In this short section, we’ll look at “single imputation” using the Expectation Maximization approach. First, let’s get our data imported and our packages set up.

library(tidyverse)
library(here)

descriptive_data <- read_csv(here("data/torriDAFinal.csv"))
missing_data_example <-read_csv(here("data/torrimiss.csv"))

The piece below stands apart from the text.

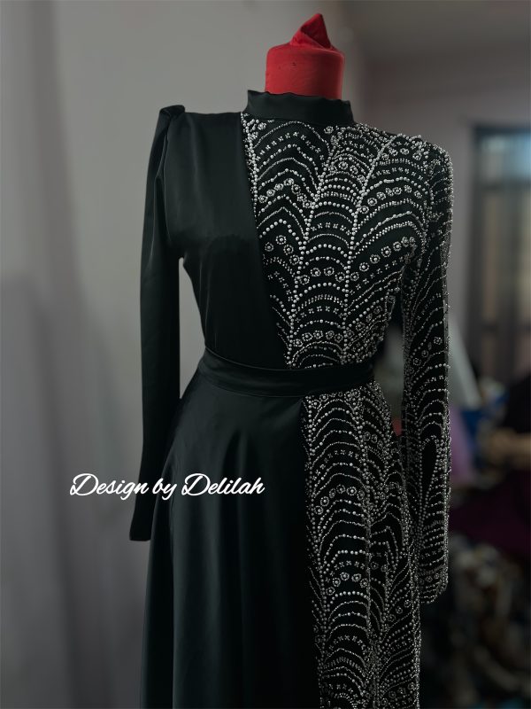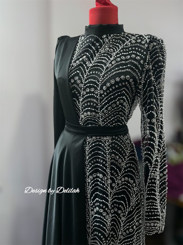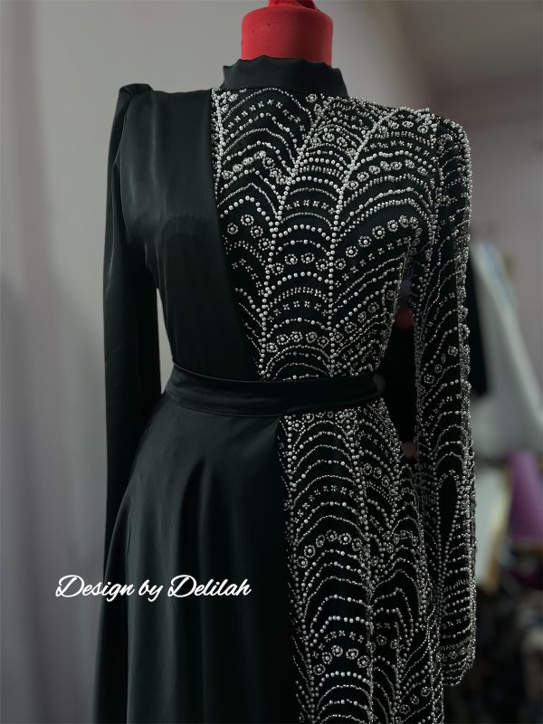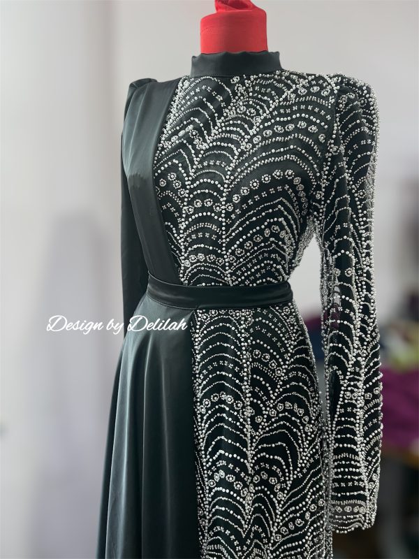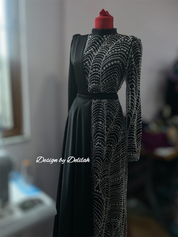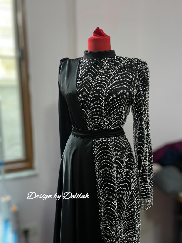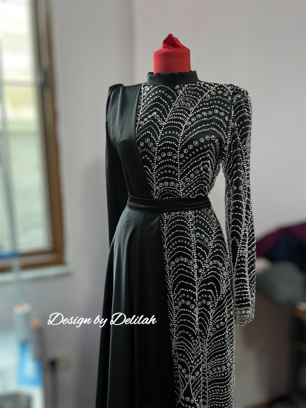 Fustan per evente, me bishtin material saten qe mund te vendoset ose te hiqet sipas deshires, Copa me gure dhe rruaza i japin elegancen qe duhet ketij fustani

3.1 Exploring missing data

In the original R Opus, HGH used the missmda package, from Susan Josse and Francois Husson, which to my understanding uses a PCA approach to do single imputation. Reading through their documentation, they note that this is equivalent to the “expectation maximization” (EM) approach to single imputation. We’re going to use a slightly more modern package that combines approaches from a number of different missing-data packages, called simputation. It gives standard syntax for a number of different formula-based methods for imputation. We’re going to also use the skimr package to easily see where we have missing data, and the naniar package to visualize.

library(simputation)
library(skimr)
library(naniar)

First off, let’s take a look at our missing_data_example data set using the skim() method.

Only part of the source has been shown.